■ **The input**:
• • •

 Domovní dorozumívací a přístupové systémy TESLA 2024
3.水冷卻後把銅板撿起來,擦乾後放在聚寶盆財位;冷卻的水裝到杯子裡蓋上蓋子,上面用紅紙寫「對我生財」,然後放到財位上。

• • •

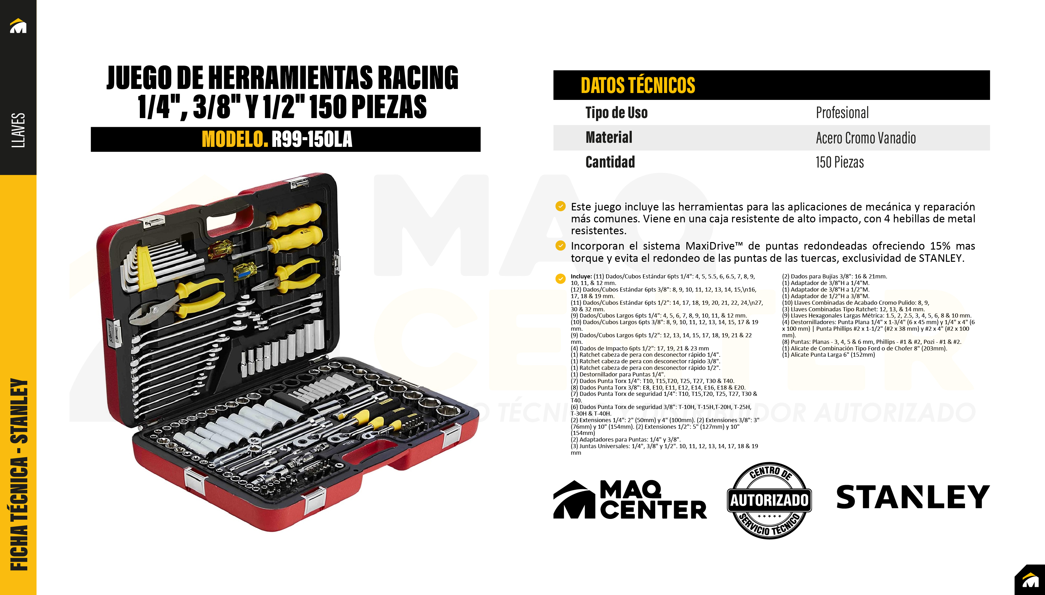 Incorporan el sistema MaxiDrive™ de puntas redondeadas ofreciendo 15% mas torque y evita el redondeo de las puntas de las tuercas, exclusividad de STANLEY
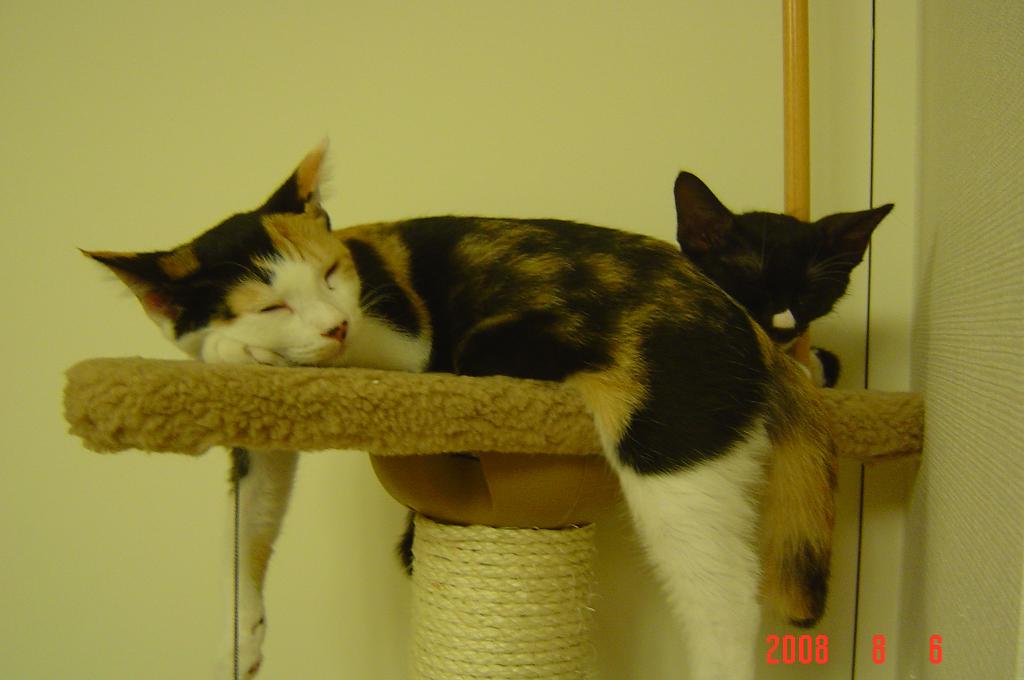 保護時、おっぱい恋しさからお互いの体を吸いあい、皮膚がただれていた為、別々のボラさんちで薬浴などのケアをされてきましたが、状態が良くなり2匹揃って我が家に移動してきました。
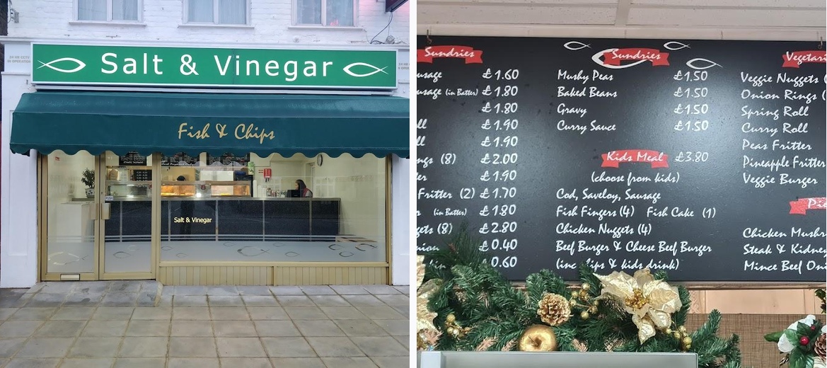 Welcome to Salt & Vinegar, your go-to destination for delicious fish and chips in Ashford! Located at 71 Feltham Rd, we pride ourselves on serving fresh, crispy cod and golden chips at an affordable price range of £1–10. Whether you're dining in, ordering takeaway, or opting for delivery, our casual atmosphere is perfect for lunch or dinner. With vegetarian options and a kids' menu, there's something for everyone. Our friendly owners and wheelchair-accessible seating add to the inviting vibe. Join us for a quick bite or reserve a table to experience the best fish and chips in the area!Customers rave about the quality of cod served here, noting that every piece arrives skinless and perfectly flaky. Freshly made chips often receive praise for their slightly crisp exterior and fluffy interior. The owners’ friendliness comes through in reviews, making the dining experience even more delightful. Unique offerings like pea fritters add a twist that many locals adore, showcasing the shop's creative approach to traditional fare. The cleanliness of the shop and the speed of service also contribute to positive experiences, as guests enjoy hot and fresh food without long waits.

• • •

■ **The task**:
Your answer should consist only of the lines above between the line holding "Domovní dorozumívací a" and the line holding "3.水冷卻後把銅板撿起來,擦", inclusive, each transcribed exactly.

■ **Answer for the task**:
 Domovní dorozumívací a přístupové systémy TESLA 2024
3.水冷卻後把銅板撿起來,擦乾後放在聚寶盆財位;冷卻的水裝到杯子裡蓋上蓋子,上面用紅紙寫「對我生財」,然後放到財位上。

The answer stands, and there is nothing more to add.